October 2009: Isaac Aesili, Iva Lamkum, Jesse Sheehan, Jordan Luck Band, Julia Deans, Junipah, Kirsten Morrell

A wander around town, three faces, a nautical adventure, sleepy time, a smoky eye, and the new aesthetic,

Isaac Aesili featuring Rachel Fraser “I’m All In”

I really like what’s going on in this video. Rachel Fraser plays a woman who is disenchanted by the boozy antics of her mates at a sophisticated bar, so she takes off into the night. This is the cue for Rachel to wander Auckland, experiencing all the chaos and peace of the streets. Isaac Aesili makes a few appearances, adding to the magical and mysterious feeling of the video. Eventually Rachel’s walk takes her to a lonely beach where she ditches her shiny by sensible flat shoes and wades out into the ocean, because that’s real.

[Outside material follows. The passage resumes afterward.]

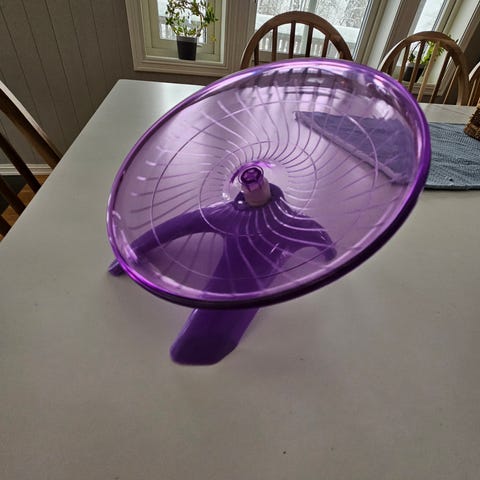 Hamsterhjul og klatrestige i tre, matskål og hengekøye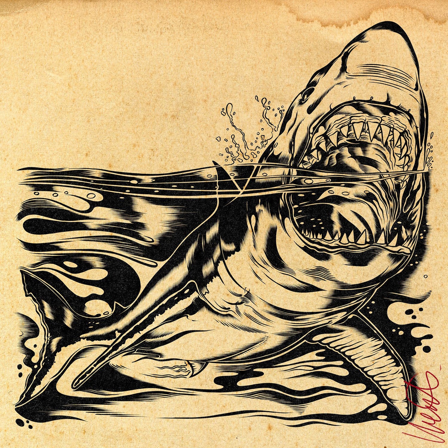 The final version of my illustration for the film JAWS, created for Universal Studios. You can see a boat sinking, a clear sign that the shark has likely already attacked. The red tones evoke the violence of the attack, adding to the tension of the scene. The dark details, shades of red, and overall atmosphere aim to capture the essence of this cult classic. The year 1975, reminds us that Steven Spielberg's masterpiece has since become an iconic piece of cinematic history.

Director: Lakshman Anandanayagam

Iva Lamkum “Raise Your Glass”

“Raise Your Glass” is an unusual song, jumping from pop to soul to gospel. Iva Lamkum appears in three different personas in the video – an androgynous Janelle Monáe style by a grand staircase, a glam club girl against a gold wall, and a stripped back look in a black studio. Most of the video is close-ups of Iva singing the song, but all the still close-ups detract from the energy of the song. It feels like it needs more movement.

Director: Faye McNeil
Nga Taonga Sound & Vision

Jesse Sheehan “Brothers” – missing

Jesse Sheehan had won the Rockquest in 2009 and the video shoot was part of the prize. The only trace of this video is a news story from 2009 describing the video shoot. It was a celebration of redheads, with a call having been made for ginger extras to come along to the shoot. But what happened to the video?

Director: Ivan Barge

Jordan Luck Band “Johnnies Coin”

“Johnnies Coin” (not “Johnny’s Coin”, for some reason) tells and epic story of Johnny (Johnnie?). The video tells the story through a mix of real people and CGI backgrounds. The animation is a little clunky, looking quite two-dimensional at times. And then there’s the giant Jordan Luck head appearing in the sky behind his band playing on a boat. There are some good images in the video, but a lot of the time it feels like a literal depiction of the song lyrics, which doesn’t always work.

Director: Ed Davis

Julia Deans “A New Dialogue”

Fur Patrol had called it a day in 2008, leaving Julia Deans free to pursue a solo career. Her first solo single was “A New Dialogue”, with the video directed by Greg Page who also made Fur Patrol’s first video “Dominoes”. “A New Dialogue” sees Julia quietly walking around, gently watching people as they sleep. And while there’s something slightly creepy about Julia stroking people with her gloved hand, the fragility of the song doesn’t drag it down to being unpleasantly creepy.

Director: Greg Page

Junipah “Love Your Ways”

Junipah look like a group of students from a polytech’s music school, who have formed a band as part of their term assessment. But the music video creates a dream world where this ragtag group of misfits are rock stars, with the ability for their pop-rock to make the girls in the audience wildly toss their hair about and writhe with ecstasy.

Director: Marcus Ringrose
Nga Taonga Sound & Vision

Kirsten Morrell “Friday Boy”

The “Friday Boy” music video is all new aesthetic, a good three years before new aesthetic even had a name. It’s based around glitchy footage of Kirsten, inspired by a frozen Skype conversation the director had with the singer, used as a metaphor for the love sick feelings of the song. The video also adds speech balloons with song lyrics, which serves as a do not adjust your set message to viewers who might be confused by the patchy video quality.